Fitch’s Global Economic Outlook (GEO) report is an example of lies being spread by some economists and politicians who claimed that India’s GDP will face further downfall.
International ratings agency Fitch put India’s growth forecast to 6.9% for the second quarter of 2017–18. Implementation of the revolutionary system of GST had lowered the growth rate to 5.7% in the June end quarter.
Fitch’s Global Economic Outlook (GEO) report downgraded the forecast from 7.4% to to 6.9% after it noted that the economic activity “may have been disrupted” in 2Q17 due to firms running down inventory ahead of the implementation of the Goods and Services Tax (GST) in July.
“In light of the poor 1H17 outturns, we have downgraded our forecast for FY17–18 (year-ending March 2018) to 6.9 percent, a cut of 0.5pp compared to the June GEO (Global Economic Outlook),” the ratings agency said in a report.
But the good news (or the bad news for some) is that Indian economy has again buckled up and ready to sprint. “(Economic) activity should accelerate in the second half of the year, as the impact of one-off events (including the demonetisation shock in late 2016 and the GST in July), which have dampened growth in the short term, are expected to wane.”

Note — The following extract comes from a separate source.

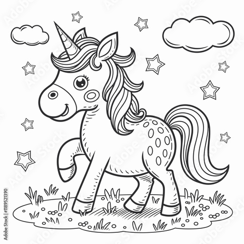 Fototapeta premium Cute Unicorn Coloring Page with Stars and Clouds

The growth, it said, will revive from increasing consumption. “Motorcycle sales — a good indicator of rural household consumption — have gained strong momentum, bouncing back in July and August after having fallen sharply in 1H17.”
“Investment is also expected to tick up in the quarters ahead, in part bolstered by ramped-up public sector infrastructure spending. The large stock of non-performing loans on bank balance sheets could, however, dampen the outlook for credit growth and business investment.”